These past few months, my biggest obstacle has been: How do I adult? I’m 25 now which, has sort of been a benchmark year when I’ve thought of my life as a young’n. Like… at 25.. I’m definitely a grown-up and I know things. Except I don’t know things and I have to google everything and gosh, if I didn’t have a smartphone I’m pretty sure I’d just be wandering around lost somewhere. And it’s a horrifying realization when I have to deal with “grown-up” things because my first instinct is to find an adult to do these sort of grown-up tasks but then to realize, “… I’M supposed to be an adult.” I need a better adult…

I’ve been having random flashbacks. I’m a person with a terrible memory. Like.. I know I’ve done things in life and have memories but I can never recall them until something reminds me of them. And then I’m like, “Oh that’s a really good story.. I should remember that for parties so people think I’m interesting.” But then I immediately forget. Anyway.

A couple of weeks ago, the cafe I work at has these little.. baby pumpkins that aren’t actually pumpkins because they’re actually squash… Anyway, I was looking at them and I had this flashback to a time when I was a kid at halloween. I loved these mini-“pumpkins” and I carved one like a jack-o-lantern. And I wanted so bad to light it like a regular jack-o-lantern because it was so small and cute so I begged my mom to make it work. She tried to let me down easy and explain that it just wasn’t possible (physics.. science.. whatevs). But she tried to make it work anyway. Like.. spent way too much time when it was just obviously impossible.

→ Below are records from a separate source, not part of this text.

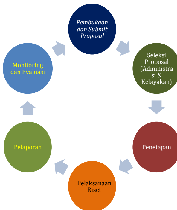
Gambar (2): Skema alur pelaksanaan program MoRA the AIR Funds

Tahapan pelaksanaan Program MoRA the AIR Funds dilakukan dengan mekanisme sebagaimana gambar di bawah ini:
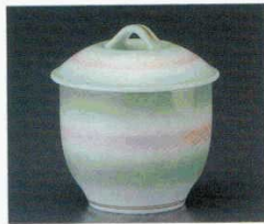
43401-714 二色吹壺むし碗(有田焼) 6,450円 80入(8.3×11cm)
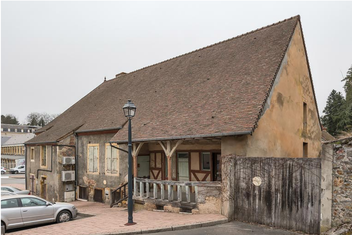
Vue actuelle depuis l'ouest.
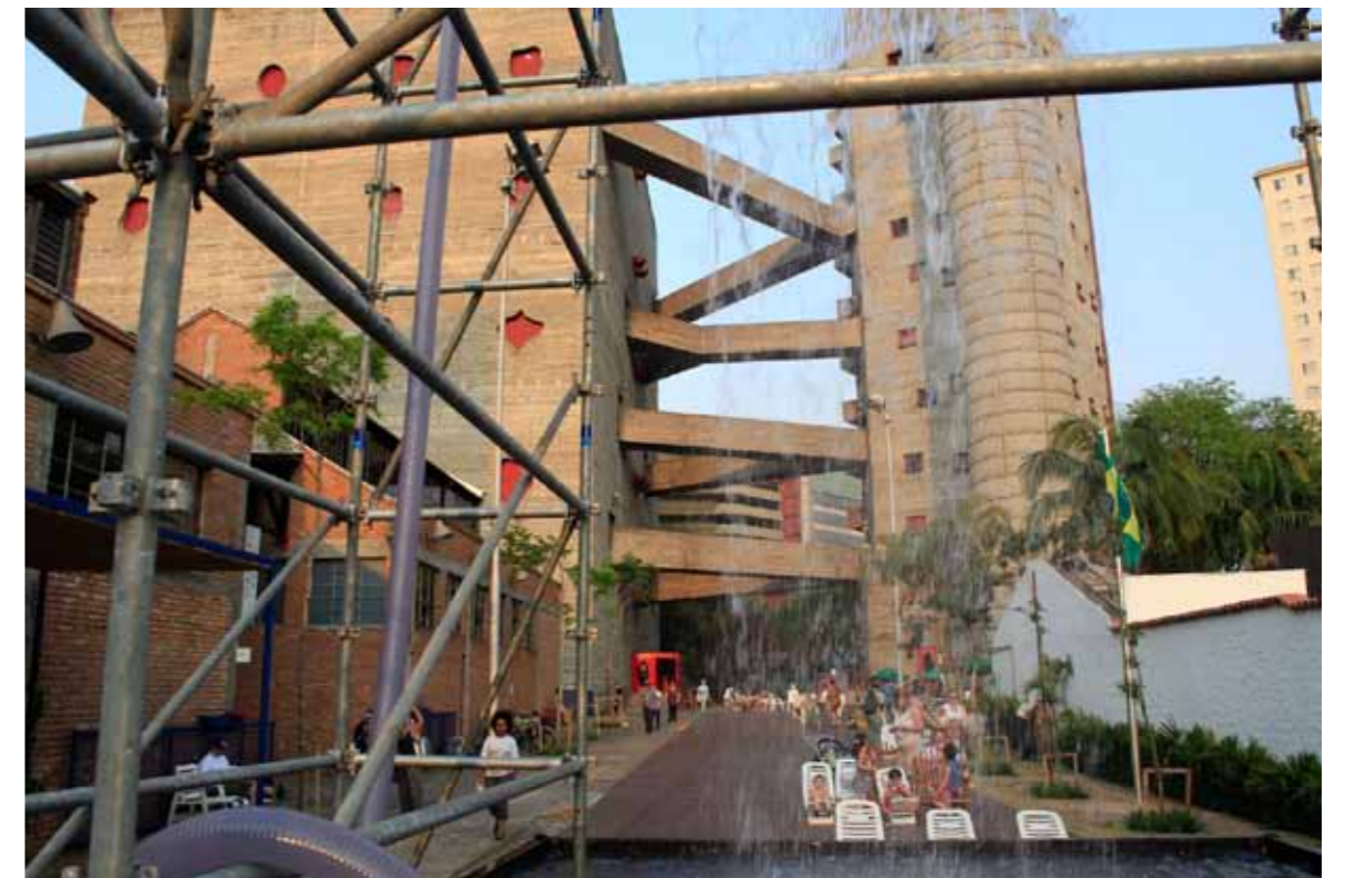
SESC Pompeia, São Paulo.

Immer geht es um den jeweiligen Ort, die Menschen und um eine Vision – dies wird in den Porträts von 30 umgenutzten Industriearealen aus aller Welt deutlich. Ihre Neuinterpretation setzt ein enormes Potenzial an Energie und Kreativität frei: in den USA, Russland, Brasilien oder China ebenso wie in Europa. Das Buch beleuchtet die Hintergründe, Akteure und Konzepte und zeigt verschiedene Strategien der Umnutzung auf. Fachleute aus Theorie und Praxis erläutern in Aufsätzen und Interviews ihre Erkenntnisse und Erfahrungen. Der niederländische Buchgestalter Joost Grootens, bekannt für seine selbsterklärenden «infographics», visualisiert die 30 Projekte und ermöglicht damit eindruckliche Vergleiche.
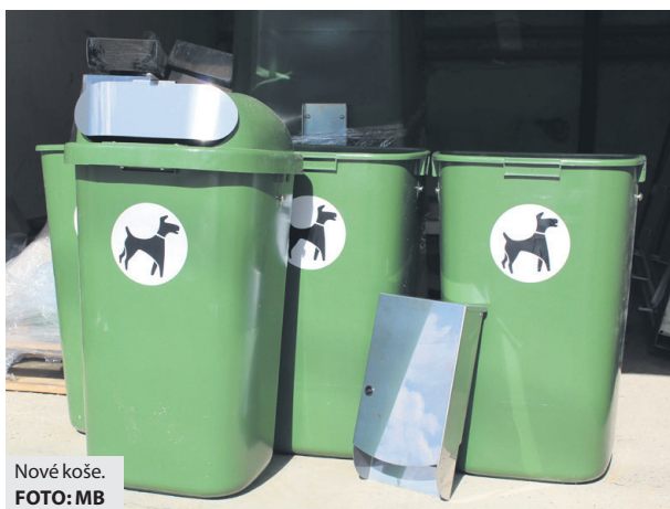
Nové koše.

Pozornosť mesta sa sústreďuje aj na detské ihriská, ktoré sú súčasťou zariadení v jeho zriaďovateľskej pôsobnosti. Nielenže v jednotlivých školských areáloch postupne buduje nové, ale obnovuje aj existujúce ihriská, ktoré doplnia o hracie prvky. Minulý rok sa napríklad z nových hojdačiek mohli tešiť škôlkari z materských škôl na uliciach Dr. Clementisa a kpt. Nálepku, a novú hernú zostavu určenú na rozvoj pohybových aktivít dostali aj žiaci ZŠ s MŠ na Pionierskej 2. Keďže detské ihriská vo všeobecnosti poskytujú príležitosť na rôzne spoločenské interakcie vhodné pre zdravý vývoj detí, samospráva chce v nastúpenom trende pokračovať. (eš)
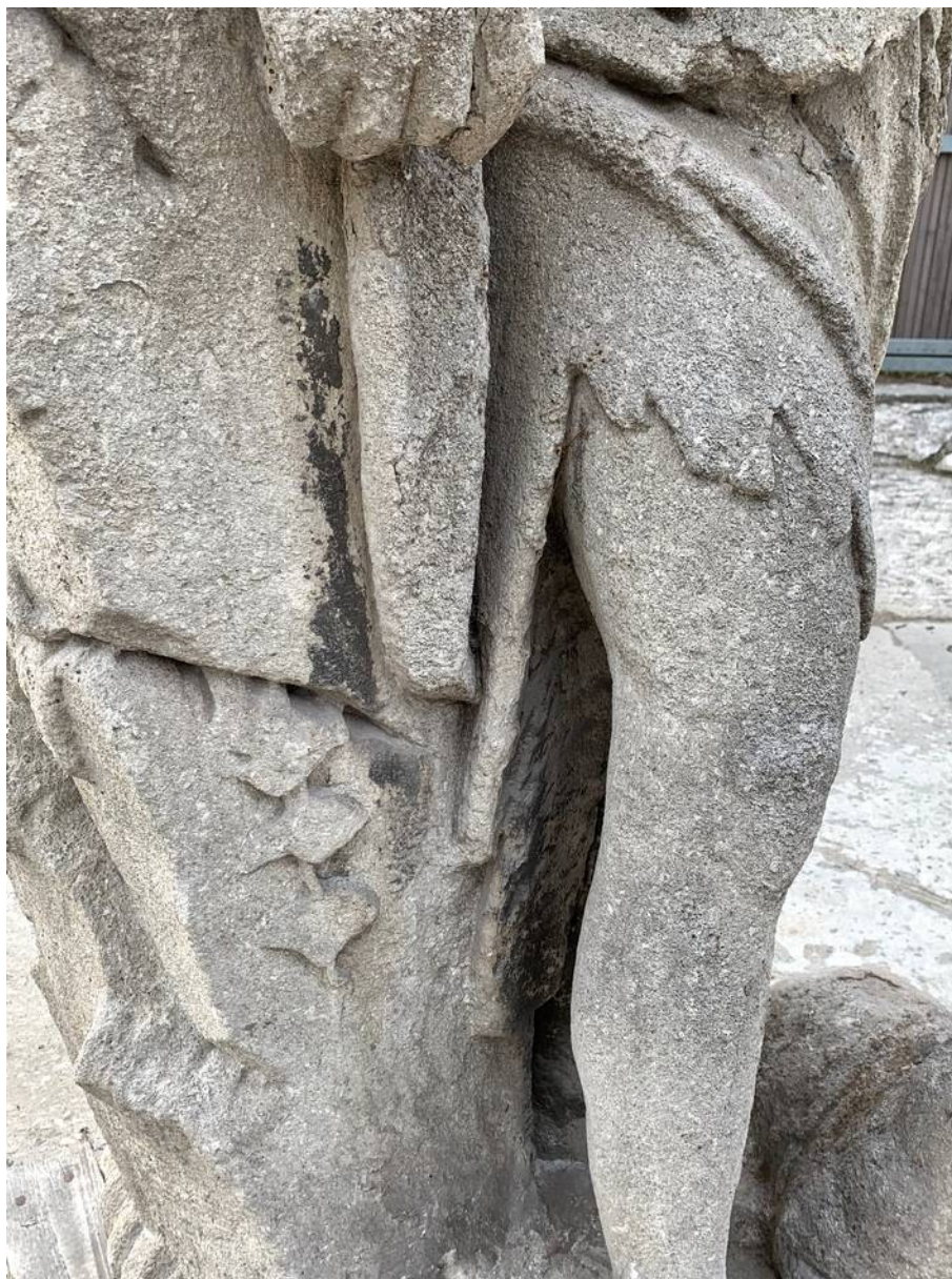
Detail spodní části figury – ve srážkových stínech uhlíkové krusty
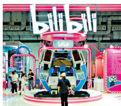
▲B站首季廣告收入按年增長30%。

首席財務官樊欣表示，將繼續在保持盈利的同時，以審慎的方式進行AI相關投入。他續說，AI投入帶來的積極
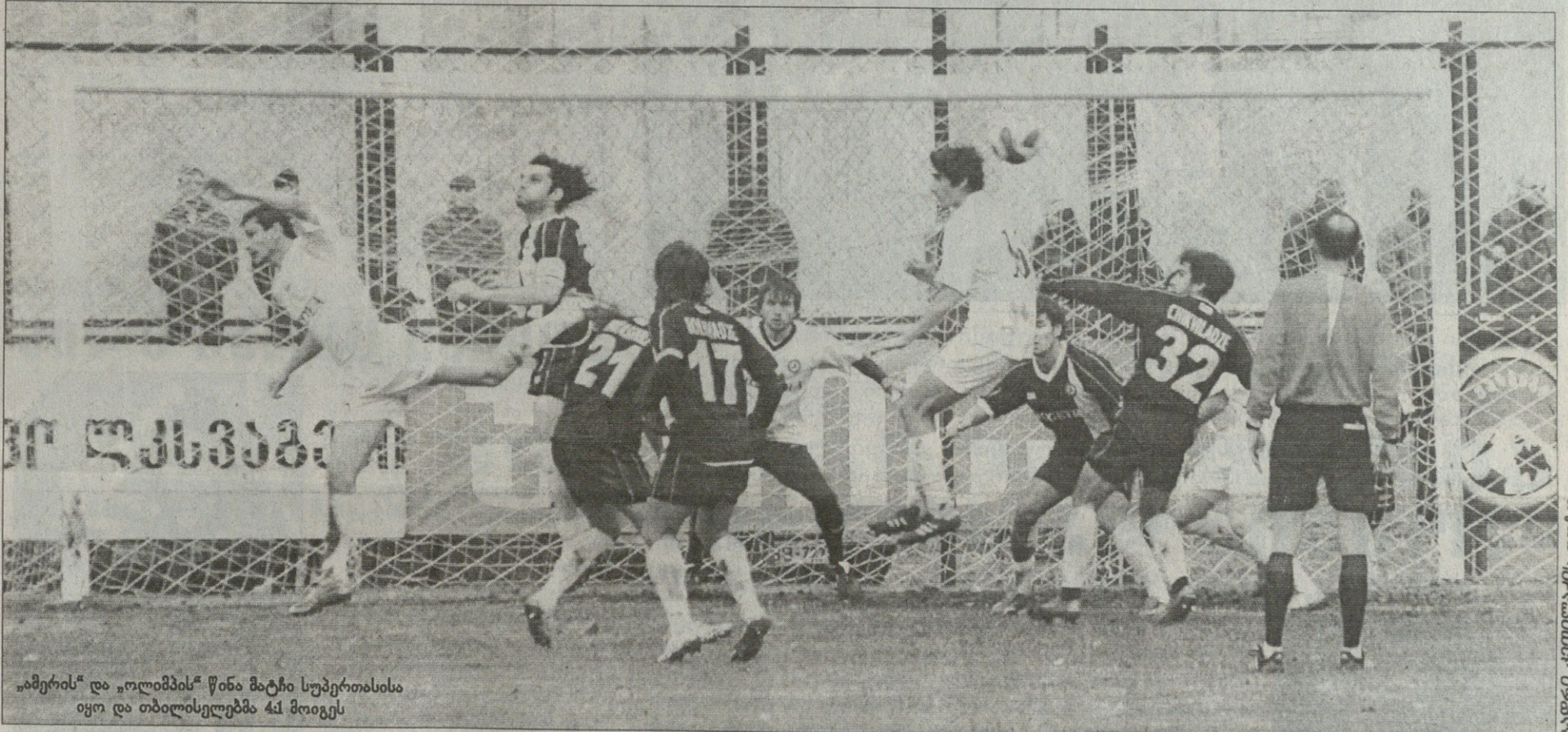
„ამერის“ და „ოლიმპის“ შინა მატჩი სუპერთასისა იყო და თბილისელებმა 4:1 მოიგეს
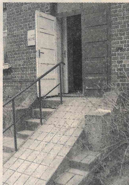
Kā tikt augšā cilvēkam ratiņkrēslā?

feldšeri. Ja viņi ir izbraukumā, slimnīcā ir nodaļa, kur māsiņa sniegs pirmo palīdzību un, ja nepieciešams, izsauks dežūrārstu. Galvenais ir nesamulst, ja, izsaucot neatliekamo medicīnisko palīdzību Mazsalacā pa tālruni 4251353, jums atbild Valmieras ātrā palīdzība. Mazsalacas feldšeri strādā zem Valmieras iecirkņa.

And then today, I had this memory of a time when it had snowed. I think I was in kindergarten and I was so excited for snow and desperate to build a snowman. Mom knew it wasn’t the snowman building kind of snow… it was the really powdery what-even-is-the-point-of-you kind of stupid snow (it’s actually a really pretty kind of snow that I now appreciate but am still a little bitter at) but I wanted that darn snowman so bad she took me out anyway. She brought a large metal bowl with her from the kitchen full of water to try to make the snow stick together. It didn’t work. Again, she tried to make it work when it just… obviously… was not going to work.

These memories… They make me feel sad. I’m not sure if that’s the correct appropriation of what I’m feeling.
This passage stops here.